Une tente ? Vraiment ?
Avant de partir, on s’est posé cent fois la question : est-ce qu’on embarque une tente ? Une tente, cela veut dire 2 kg minimum (et là, je ne compte même pas les sardines), auxquels il faut rajouter le poids des sacs de couchage et des tapis de sol (on aime bien un peu de confort, quand même). Et une popote et un réchaud aussi (800 g au moins), parce qu’on a beau être des campeurs, on n’en a pas moins des besoins physiologiques comme tout le monde. Et je ne vous parle même pas du volume que tout cela occupe dans les sacs ! Bref, y avait de quoi se poser sérieusement la question. Et puis, on s’est dit que oui, la tente était indispensable. Pourquoi ? C’est justement le titre de cette note, et je vais tenter de répondre à la question :
– D’abord, parce qu’une tente, c’est la liberté absolue. Quand on veut décider chaque jour ce qu’on fera le lendemain, sans réserver, la tente permet d’avoir l’esprit libre. Pas de place dans une, deux, trois auberges ? Le camping municipal vous tend les bras. Ou un camping gratuit un peu plus loin (bon, faut se passer de la douche, mais une fois de temps en temps…), avec sans doute la plus belle vue de la région.

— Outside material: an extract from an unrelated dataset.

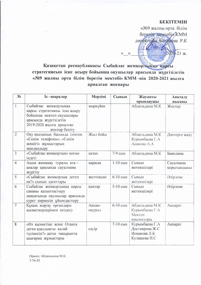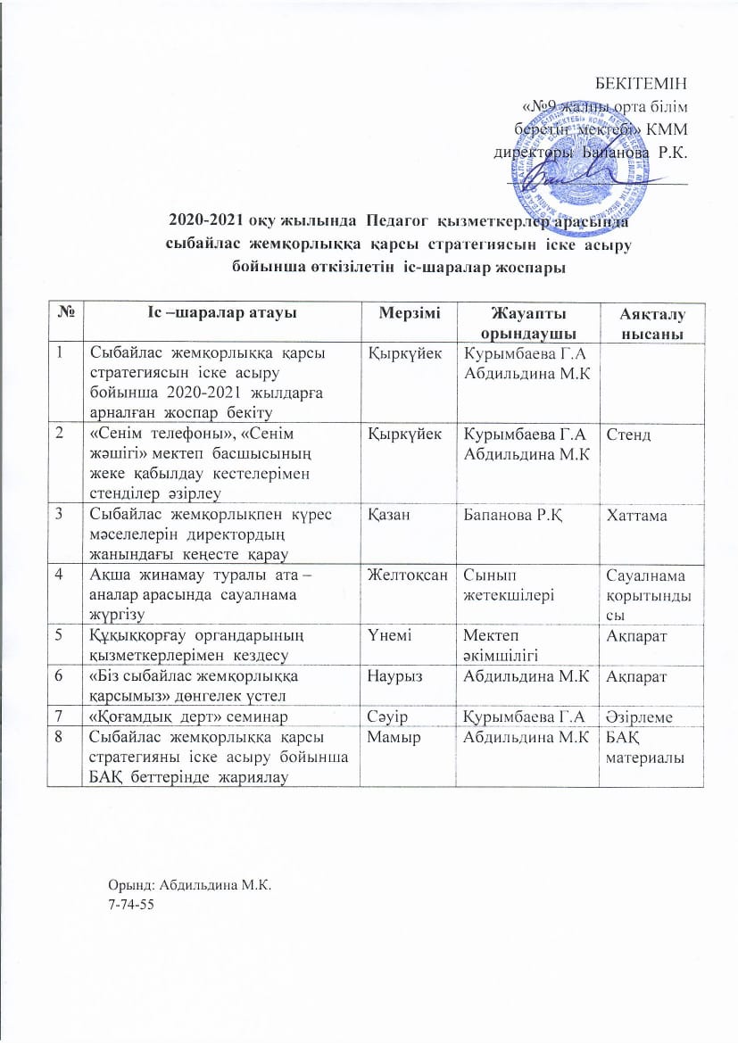 | 1 | Сыбайлас жемкорлык жоспары |

– Ensuite, parce qu’une tente permet de générer des dialogues d’une incroyable richesse au sein du couple : « Tiens, on va la mettre là, c’est plat. » « N’importe quoi, c’est pas plat. Rien que de regarder l’endroit, j’ai le sang qui me monte à la tête et les pieds tout froids. » Ou bien encore : « Il vient du lac, le vent, on va mettre les absides de ce côté. » « Il viendrait pas plutôt du petit bois, ton vent ? » Et je ne donne que ces deux exemples parmi tant d’autres… (note de Cyril : n’empêche que moi j’ai le sens de l’inclinaison…)
– Et puis, en Patagonie, la tente vous donne l’impression non pas de voyager, tout bêtement, mais de vivre une véritable aventure extrême. Exercice n° 1 de l’apprenti aventurier : monter la tente alors que le vent arrive par grosses bourrasques, d’un peu partout parce qu’il tourbillonne. On ne va pas se plaindre, parce qu’à deux c’est mieux quand même. On a vu des solitaires batailler ferme pour planter la leur. Exercice n° 2 : tendre des cordes tout autour pour que le double toit ne s’envole pas. Ajouter des pierres pour stabiliser le tout. Très grosses de préférence. Exercice n° 3 : se mettre à l’abri du vent et essayer de dormir alors que la toile à quelques centimètres de votre nez se tord dans tous les sens, que la structure tout entière est secouée et se soulève, que le vent siffle différentes notes selon l’angle de pénétration entre la tente et le double toit. Il paraît que sur certaines îles où le vent est terrible, il constitue une circonstance atténuante en cas de meurtre, parce que le vent rend fou. On a testé.